◆ Task goal ◆
Once the line containing "Кабель UGREEN HD107" is found in the records below, return it and each following line exactly, up to and including the line containing "діюча речовина:1 г", and nothing else.

◆ Material provided ◆
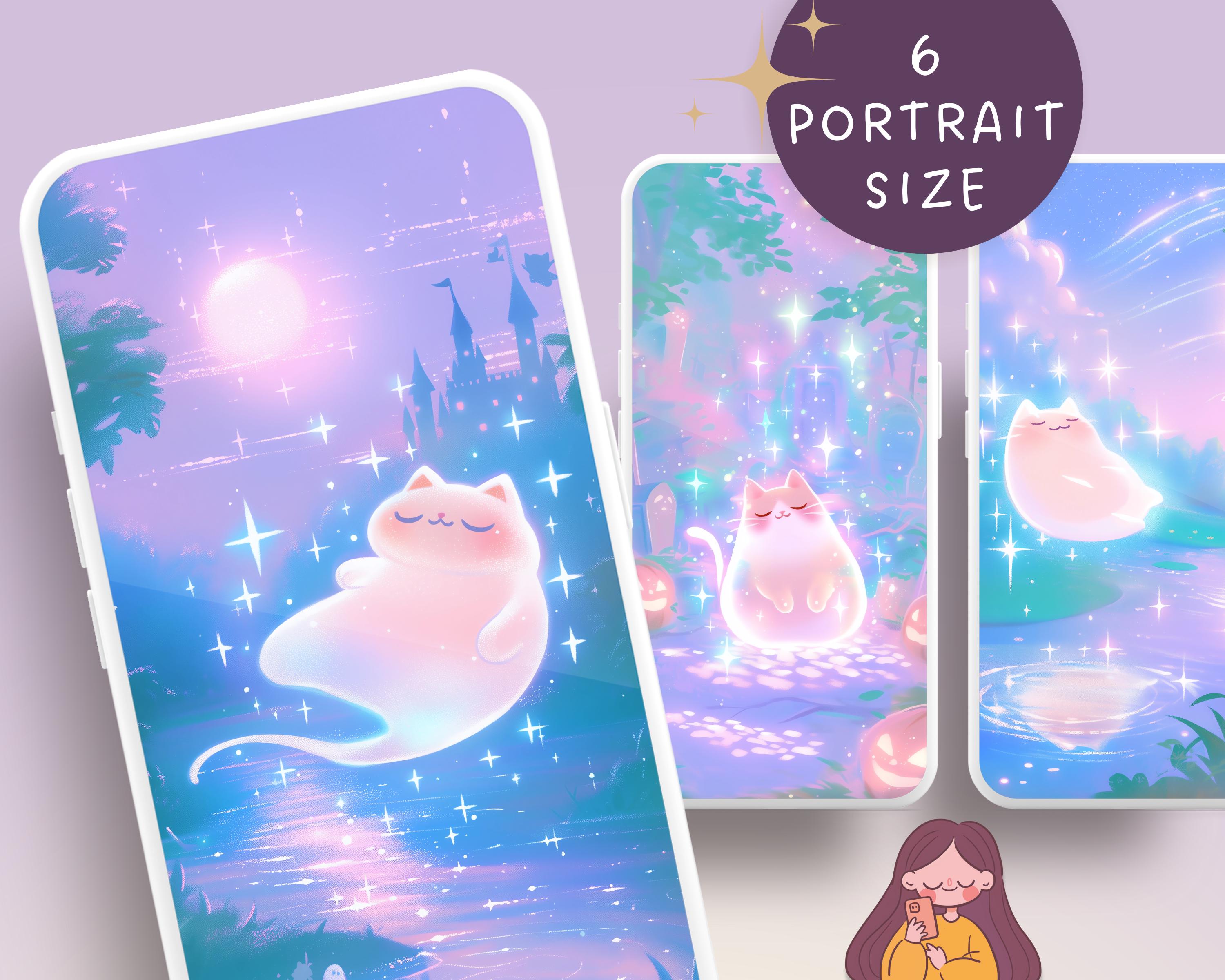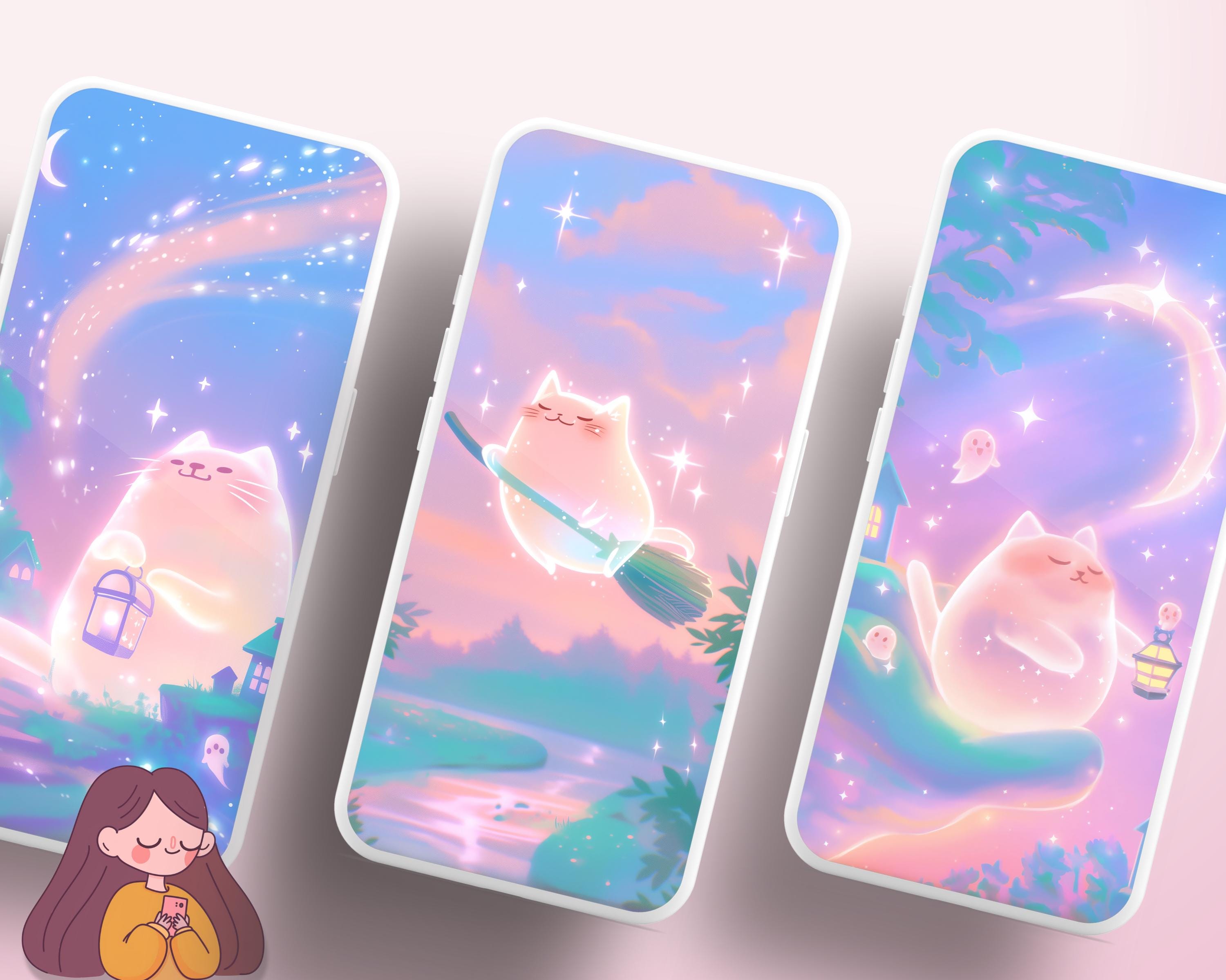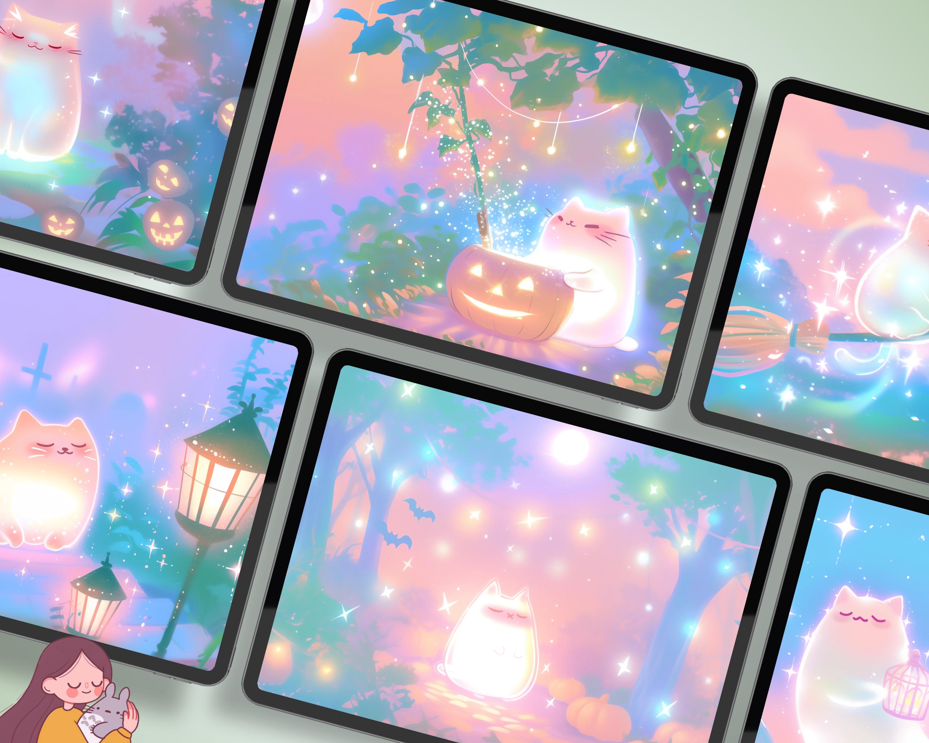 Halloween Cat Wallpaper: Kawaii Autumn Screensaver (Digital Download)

...

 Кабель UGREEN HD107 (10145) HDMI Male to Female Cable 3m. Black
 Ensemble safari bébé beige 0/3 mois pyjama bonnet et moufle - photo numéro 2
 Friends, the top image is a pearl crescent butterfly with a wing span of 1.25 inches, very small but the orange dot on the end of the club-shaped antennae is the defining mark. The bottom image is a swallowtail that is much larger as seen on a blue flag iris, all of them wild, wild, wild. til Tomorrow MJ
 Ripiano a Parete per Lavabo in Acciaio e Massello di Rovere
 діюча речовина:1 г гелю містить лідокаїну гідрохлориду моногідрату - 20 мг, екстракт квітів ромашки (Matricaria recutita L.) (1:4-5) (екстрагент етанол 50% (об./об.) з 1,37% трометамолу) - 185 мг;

◆ Result below ◆
 Кабель UGREEN HD107 (10145) HDMI Male to Female Cable 3m. Black
 Ensemble safari bébé beige 0/3 mois pyjama bonnet et moufle - photo numéro 2
 Friends, the top image is a pearl crescent butterfly with a wing span of 1.25 inches, very small but the orange dot on the end of the club-shaped antennae is the defining mark. The bottom image is a swallowtail that is much larger as seen on a blue flag iris, all of them wild, wild, wild. til Tomorrow MJ
 Ripiano a Parete per Lavabo in Acciaio e Massello di Rovere
 діюча речовина:1 г гелю містить лідокаїну гідрохлориду моногідрату - 20 мг, екстракт квітів ромашки (Matricaria recutita L.) (1:4-5) (екстрагент етанол 50% (об./об.) з 1,37% трометамолу) - 185 мг;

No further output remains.